Because without the right communication tools in place, tasks might get overlooked, duplicated, or, at worst, forgotten completely. As you can imagine, this means productivity can take a hit.
This process is known as the silo effect, which happens when teams don’t have an effective method of communication.
You’ve likely experienced the silo effect at one time or another. If you’ve ever been on the phone with customer support, they transferred you to another department, and you were forced to provide the same information to the second rep, you’ve been subject to communication siloing.
When it comes to remote-first working, effective communication is vital to ensure productivity remains unscathed and teams can work efficiently. With the right methods of communication in place, you can remove those silos to the benefit of all.
For communication in the workplace to be efficient, you need to identify the right communication tools for your business. Whether that’s an email client, an instant messaging platform like Slack, or opting to have all communication take place in a project management tool, you need to find what works best for your business.
Ultimately, the platforms you choose need to be suited to your needs as a business. We always advise erring on the side of over-communication to keep those silos at bay.
5. Utilize digital marketing and find the right marketing team
Without an online presence, your business might struggle to get off the ground and reach new customers. That’s why digital marketing needs to be on your radar.
Whether that’s utilizing social media to promote your business, or using content marketing to provide the strongest link-building results, you need to spend some time reviewing which practices will be a benefit.
For instance, if you’re starting a cold outreach campaign to promote your product or services, it’s crucial to find the right prospects e.g. decision makers in outreached companies. Be sure to validate email addresses and other information to avoid deliverability issues, high bounce rates and lower conversions.
Make sure you spend some time evaluating how you can use digital marketing to raise awareness and engage with potential customers. For example, doing omnichannel marketing to connect with customers on their preferred channels should be an excellent strategy to start with.

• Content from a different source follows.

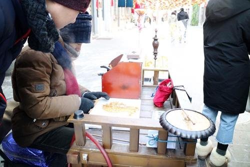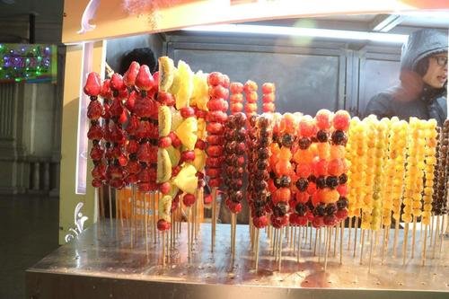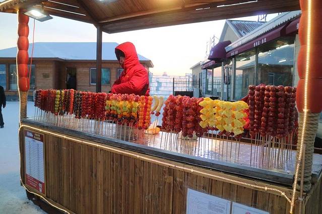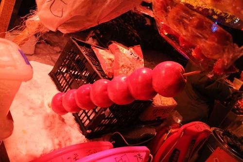 又见冰糖葫芦!北方的冰糖葫芦!真的是冰!糖葫芦!买了串草莓试试,结果要咬进去完全僵硬,简直就是草莓大冰块,小小的一颗颗的那个蛮好吃,叫不来名字!南方的冰糖葫芦只能是糖葫芦,哈哈哈!

Fortunately, marketing teams are usually pretty well-suited to working remotely. Marketing team members are natural communicators who are used to working in the digital realm, so it’s not too difficult for them to work remotely and still communicate effectively.
But remember — working remotely isn’t for everyone.
Sure, a lot of people have been forced to work remotely because of the pandemic. But that doesn’t mean everyone wants to work from home. 47% of employees say that they only want to work from home up to two days a week, with some saying they’d rather not work from home at all.
So make sure everyone in your digital marketing team is comfortable working from home.